Heidegger very rarely engages directly with Aristotle but he does often speak about the Greek language:
“The Greeks had no word for “Language”: they understood this phenomenon “in the first instance” as discourse. But because the “logos” came into their philosophical ken primarily as assertion, this was the kind of logos which they took as their clue for working out the basic structures of the forms of discourse and its components. Grammar sought its foundations in the “logic” of this logos. But this logic was based upon the ontology of the present-at-hand.”(Ibid. P.209)

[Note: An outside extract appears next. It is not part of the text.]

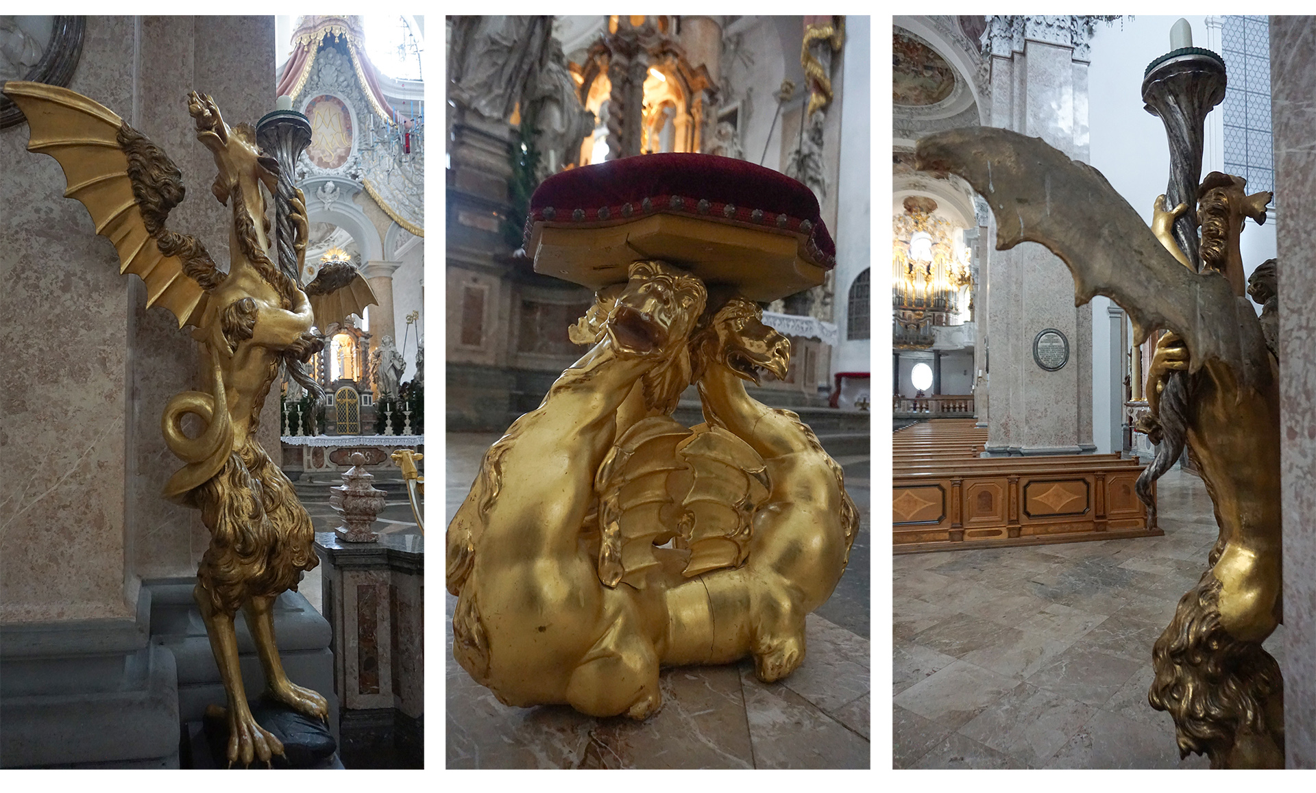 Nicht immer aber buhlen die Engel um Gottes Gunst und werden als seine Botschafter lieb, nett und freundlich dargestellt. Links und rechts vor dem Altarraum stehen zwei Luzifer-Leuchter. Luzifer, in der Mythologie des antiken Judentums der „gefallene“ und aus dem Himmel verbannte Engel, ist hier jeweils als Drache dargestellt. „Die Drachen symbolisieren das Böse, doch tragen sie eine Kerze, die für den Glauben und die Gotteswärme steht. Das kann man so interpretieren, dass der heilige Magnus mit dem Christentum das Licht in diese ungläubige Gegend gebracht hat und das Böse jetzt dem Guten dient„, erklärt Bruno Ehrentreich. Einer der Luzifer-Leuchter durfte für eine Engelausstellung auch schon nach Freising auf den Domberg reisen und war dort wohl das Glanzlicht. Die Leuchter sind ebenfalls von einem Füssener geschaffen worden: Thomas Seitz fertigte sie 1723 im damaligen Faulenbach.

This is not strictly true for the thought of Plato and Aristotle who were careful to separate the “forms” of the true and the good. Aristotle, for example, claimed in his ethics that all human activity aimed at the good, and the good was therefore one of the many meanings of Being. The logical principles of practical reasoning (noncontradiction, sufficient reason) may be the same as those operating in theoretical reason but the differences between an imperative assertion : “We ought to keep promises” and a knowledge claim, “All men are mortal”, are significant and reducing the one to the other involves ignorance of these categories and violations of the principles of noncontradiction and sufficient reason.. Heidegger clearly feels he is liberating discourse from logic, but what he in fact is doing is invoking and attacking one of the tenets of “the new men” who sought to demolish the meaningful structure of ethical discourse and other speculative forms of discourse. Liberating modern discourse of course is important work. But accusing the Greeks of ontological mistakes when two of them gave us the “tools” to avoid this mistake is a somewhat surprising move.